» EXERCISE GOAL
Write out nothing but the lines from the first line of the entries below through the line with "- Luxury Package"; no pictures go in.

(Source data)
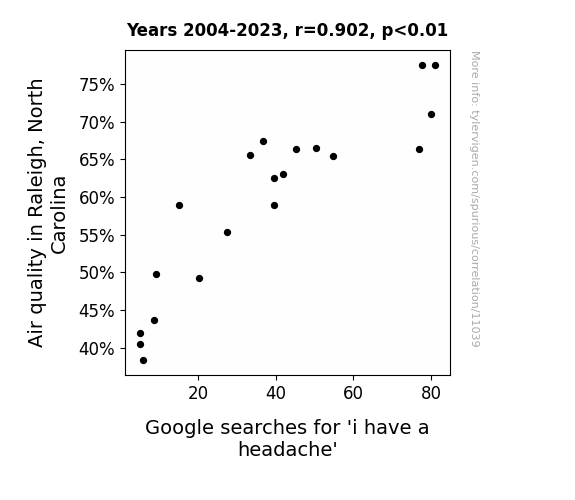 This means 81.4% of the change in the one variable (i.e., Google searches for 'i have a headache') is predictable based on the change in the other (i.e., Air quality in Raleigh, North Carolina) over the 20 years from 2004 through 2023.
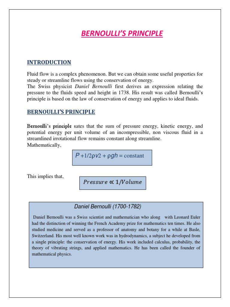 pressure to the fluids speed and height in 1738. His result was called Bernoulli’s
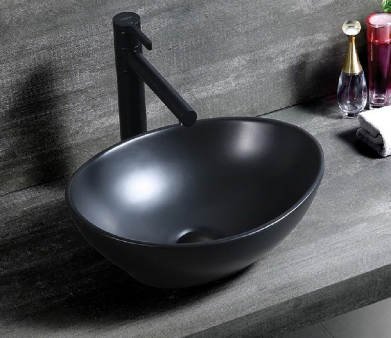 —Раковина из санфаянса CeramaLux 7138MB 41х34 накладная цвет черный матовый
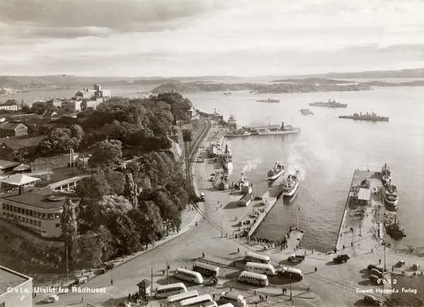 utsikt, bussholdeplass, busser, Skansen restaurant, Akershus festning, vei, jernbanelinje, Havnebanen, havn, skip, marinefartøyer
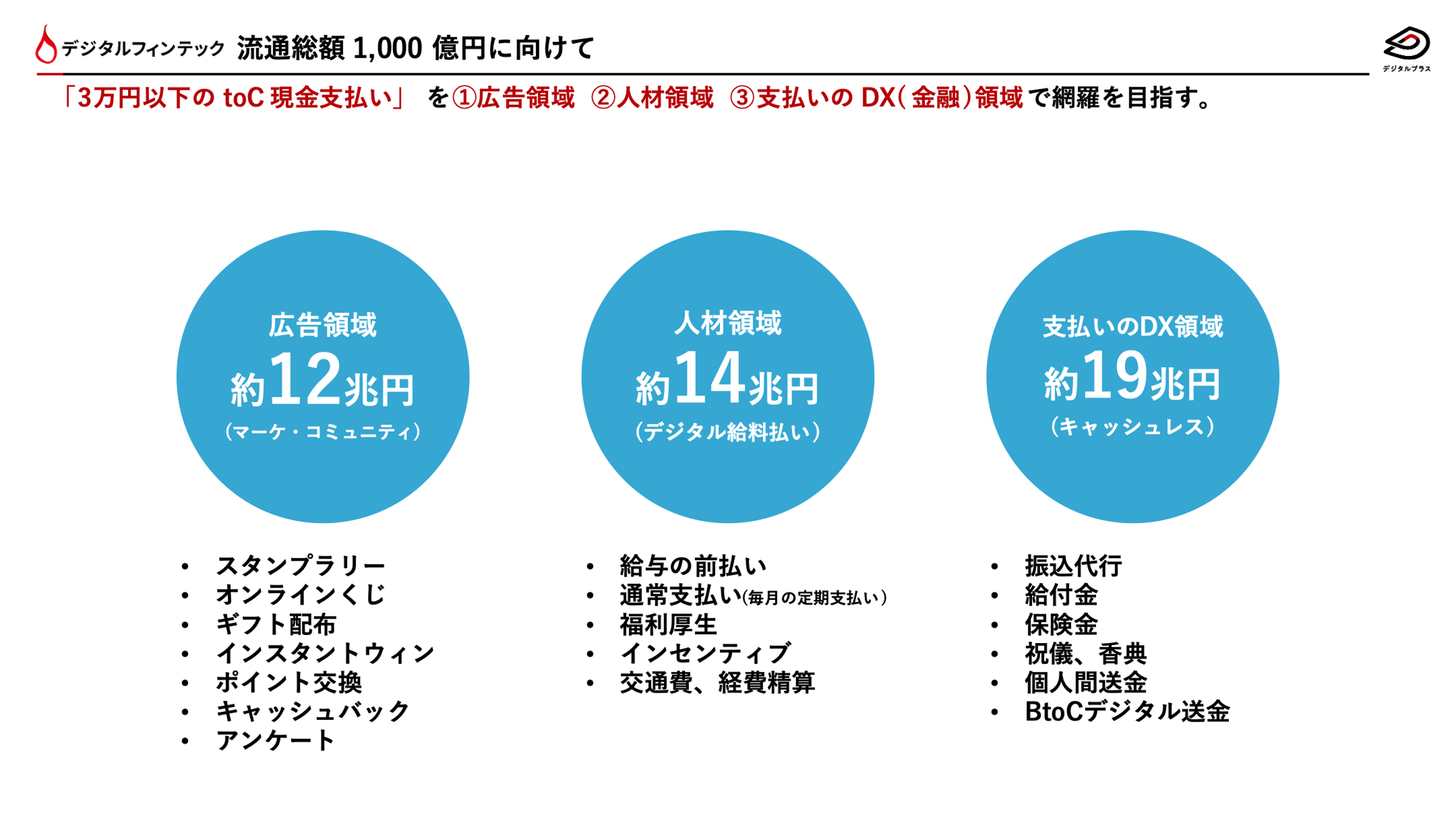 広告領域・人材領域・支払いのDX(金融)領域の3つの領域を注力領域としてあげ、3万円以下のtoC向け支払いでのシェア拡大を目指し邁進しております。
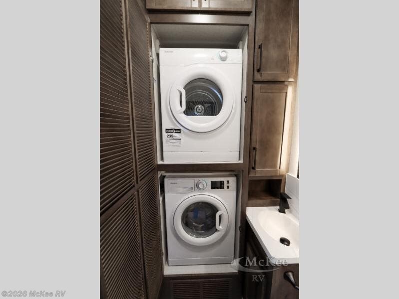 - Luxury Package - 6-Point Hydraulic Leveling System, 4 Camera System, TravlFi Journey XTR 4G/LTE Router & WiFi-Extender, Splendide Stacker Washer / Dryer, Hardwood Cabinetry Throughout, 40" LED Bedroom TV, 12V Heated Holding Tanks, Dishwasher, Ceiling Fan, Truma Aqua Go Comfort On-Demand Hot Water Heater, LP Generator Prep, BMPro Energy Management System, Dual Patio Awnings w/Weathershield & Two Folding Charis.
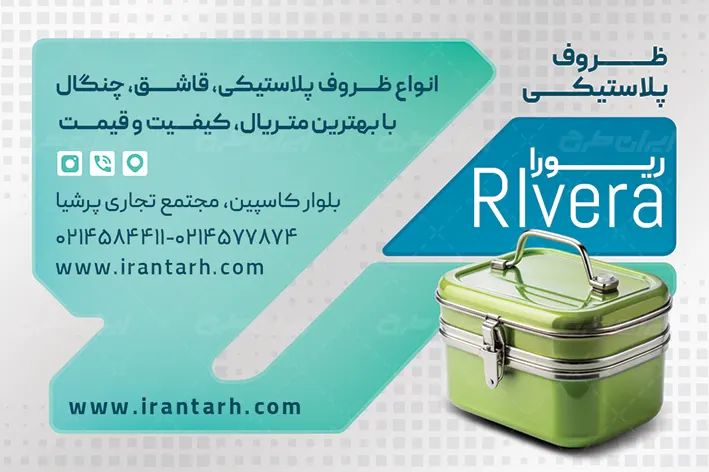 - استفاده مناسب از عکس با کیفیت ظروف پلاستیکی که مناسب طرح کارت ویزیت لایه باز فروشگاه ظروف پلاستیکی می باشد.
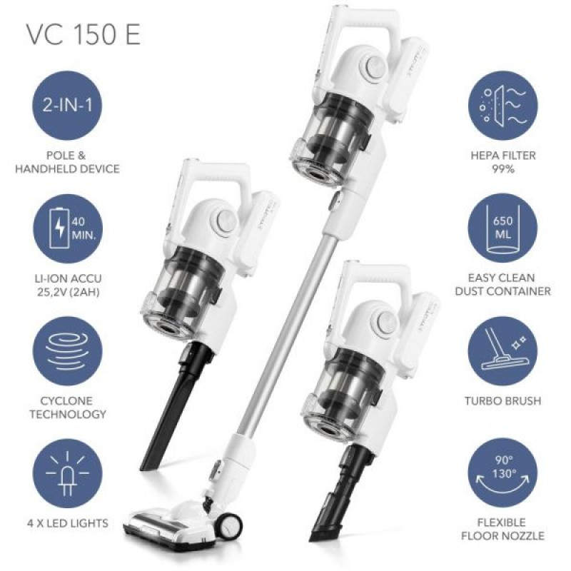 Kad je potpuno napunjena, snažna litij-ionska baterija od 25,2 V (2 Ah) osigurava konstantnu visoku snagu usisavanja tijekom 40 minuta u kontinuiranom radu. S dvostupanjskim prikazom kapaciteta baterije uvijek imate na oku status napunjenosti. Zahvaljujući visokokvalitetnoj tehnologiji Li-Ion baterija nema memorijskih efekata niti samopražnjenja. Podna mlaznica je u prednjem dijelu opremljena s četiri LED svjetiljke pomoću kojih se tamna područja ispod sofe ili ispod ormara mogu savršeno osvijetliti. Opseg isporuke uključuje ručni usisavač, jedinicu za napajanje, presvlaku, mlaznicu za namještaj i pukotine, električnu podnu mlaznicu, aluminijsku produžnu cijev i postavu za postavljanje. Zahvaljujući svom obliku koji štedi prostor, VC 150 može se udobno spremiti bilo gdje.
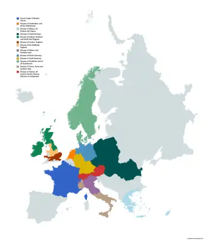 The Coptic Orthodox Church has many churches and congregations in Europe and on 2 June 1974 Pope Shenouda III received into the Coptic Orthodox Patriarchate of Alexandria a native Orthodox Church in France known as the French Orthodox Eparchy, along with their Primate, who in turn was accepted after consecration into the Episcopate, in the Holy Synod of the Church of Alexandria and hence was appointed their Primate Marcos (Mark), as the first Bishop and Athanasius as Chorbishop of The French Orthodox Eparchy.[1] There are 15 Coptic Bishops serving in Europe.[2]
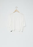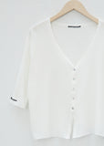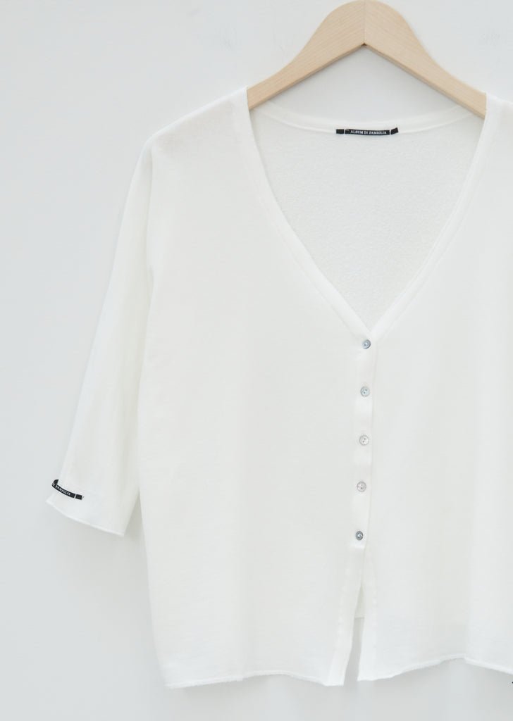 Album di Famiglia milk white signature cropped cardigan with dolman sleeves in a soft cotton stretch terry. Finished with contrast shell buttons. This perfect summer cardigan can be worn as a v-neck top. Relaxed fit.

» TASK OUTPUT
 This means 81.4% of the change in the one variable (i.e., Google searches for 'i have a headache') is predictable based on the change in the other (i.e., Air quality in Raleigh, North Carolina) over the 20 years from 2004 through 2023.
 pressure to the fluids speed and height in 1738. His result was called Bernoulli’s
 —Раковина из санфаянса CeramaLux 7138MB 41х34 накладная цвет черный матовый
 utsikt, bussholdeplass, busser, Skansen restaurant, Akershus festning, vei, jernbanelinje, Havnebanen, havn, skip, marinefartøyer
 広告領域・人材領域・支払いのDX(金融)領域の3つの領域を注力領域としてあげ、3万円以下のtoC向け支払いでのシェア拡大を目指し邁進しております。
 - Luxury Package - 6-Point Hydraulic Leveling System, 4 Camera System, TravlFi Journey XTR 4G/LTE Router & WiFi-Extender, Splendide Stacker Washer / Dryer, Hardwood Cabinetry Throughout, 40" LED Bedroom TV, 12V Heated Holding Tanks, Dishwasher, Ceiling Fan, Truma Aqua Go Comfort On-Demand Hot Water Heater, LP Generator Prep, BMPro Energy Management System, Dual Patio Awnings w/Weathershield & Two Folding Charis.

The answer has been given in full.